北海道警のヤジ排除「表現の自由侵害」 道に賠償命令 札幌地裁
2019年の参院選で、札幌市で演説中の安倍晋三首相(当時)にヤジを飛ばした男女が、北海道警の警察官に違法に排除され、憲法が保障する表現の自由を侵害されたとして、道に慰謝料など計660万円の損害賠償を求めた訴訟の判決が25日、札幌地裁であった。広瀬孝裁判長は「2人の表現の自由などが違法に侵害された」と述べ、道に計88万円の支払いを命じた。
判決によると、19年7月15日、原告男性(34)はJR札幌駅前などで応援演説をしていた安倍氏に「安倍やめろ」とヤジを飛ばし、警察官らに排除された。「増税反対」と叫んだ女性(26)も移動させられた上、警察官らに長時間つきまとわれた。
2人は「政治批判の声を最高責任者にぶつけるまれな機会を違法に奪われた」として、20年2月までに提訴。道警側は、排除は警察官職務執行法に基づく適法な行為と主張。原告らが聴衆に危害を加えられるなどの恐れがあったとした。
判決は現実的な危険があったかどうかを検討した。市民が撮影した動画などをもとに、怒号が上がるなど騒然とした状態にはなっておらず、警察官職務執行法の適用要件を満たしていないと判断。警察官らの行為を「違法なもの」とした。

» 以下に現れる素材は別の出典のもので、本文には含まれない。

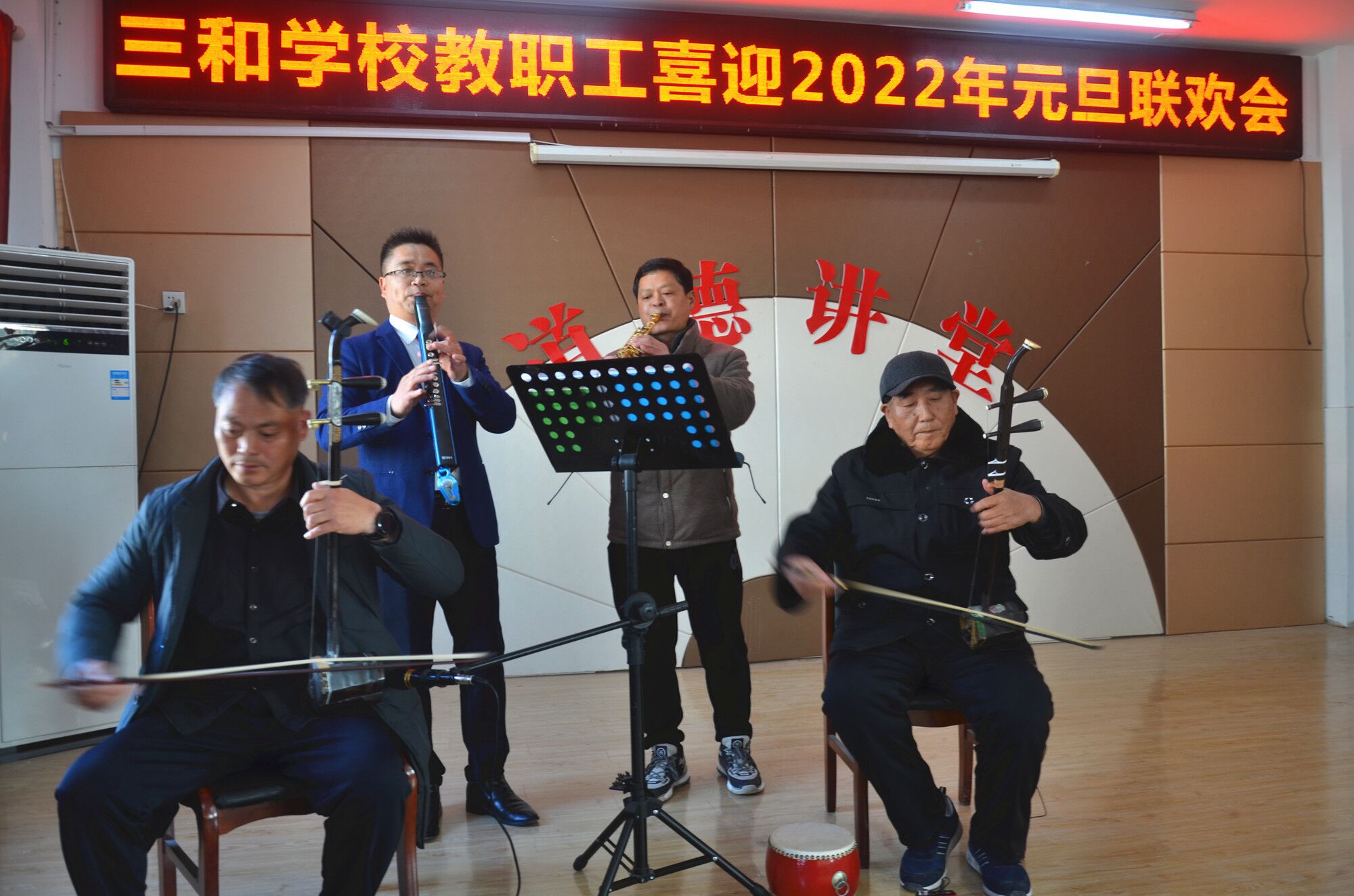 26日下午,三和学校教职工喜迎2022年元旦联欢会如期举行。该校党支部书记、校长蒋安奎在致辞时简要总结了一学期以来学校各项工作取得的可喜成绩,代表学校向全体教职工的不懈努力与辛勤付出表示感谢,鼓励全体同志再接再厉,再创辉煌。随后,乐器合奏、舞蹈、歌曲、瑜伽、武术、二胡、电吹管等节目纷纷登台表演,现场乐声悠扬、舞影绰绰、歌声嘹亮、掌声雷动。联欢会进程中还穿插着蒋安奎等校领导慰问教职工的阵阵“红包雨”,整个联欢会弥漫着欢快祥和幸福的气氛。(图文 盛少堂;审核 蒋安奎)
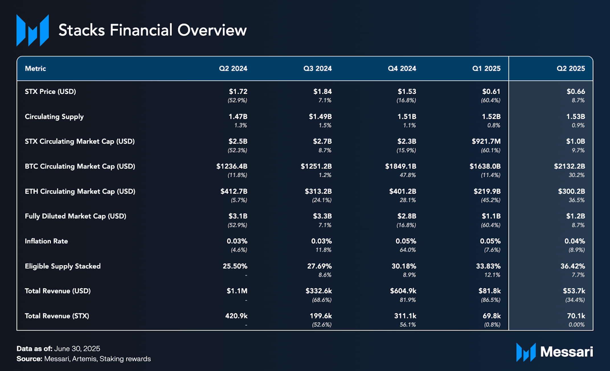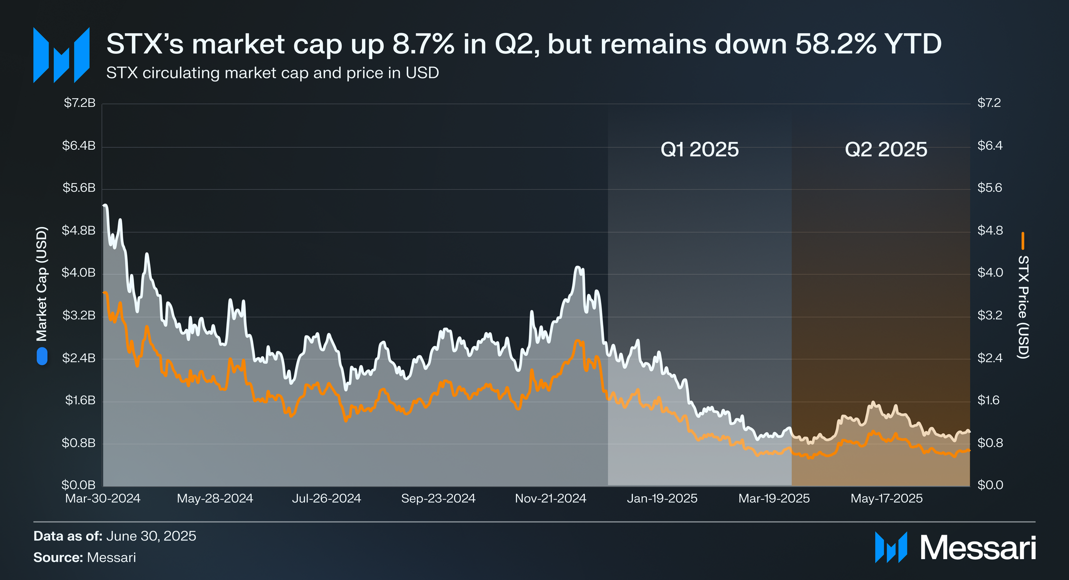 2분기에는 비트코인과 이더리움이 각각 전분기 대비 30.2퍼센트 및 36.5퍼센트 상승하며 회복했다. 스택스는 9억 2,170만 달러에서 10억 달러로 9.7퍼센트 상승했지만, 시가총액 순위는 69위로 더 하락했다. 에스티엑스 가격은 비슷한 궤적을 따랐으며, 1분기에 1.53 달러에서 0.61 달러로 60.4퍼센트 하락한 후 2분기에 8.7퍼센트 상승하여 0.66 달러가 되었다. 연초 대비 에스티엑스는 시가총액 58.3퍼센트, 가격 59.0퍼센트 하락하여 23억 1,000만 달러에서 10억 1,000만 달러로, 1.53 달러에서 0.66 달러로 각각 떨어졌다.

その上で、判決は表現の自由について「民主主義社会を基礎づける重要な権利であり、公共的・政治的表現の自由は、特に重要な憲法上の権利として尊重されるべきだ」と指摘。原告らのヤジは公共的・政治的表現行為だと認めた。さらに、警察官らは原告らのヤジが安倍氏の演説の場にそぐわないものと判断して「表現行為そのものを制限した」と結論づけた。
また、原告女性につきまとった行為については、移動・行動の自由や名誉権、プライバシー権の侵害にあたると認定した。
北海道警監察官室は「判決内容を精査し、対応を検討する」との談話を出した。
判決要旨
記事の後半に、判決の要旨をまとめました。
街頭演説中の安倍晋三首相(…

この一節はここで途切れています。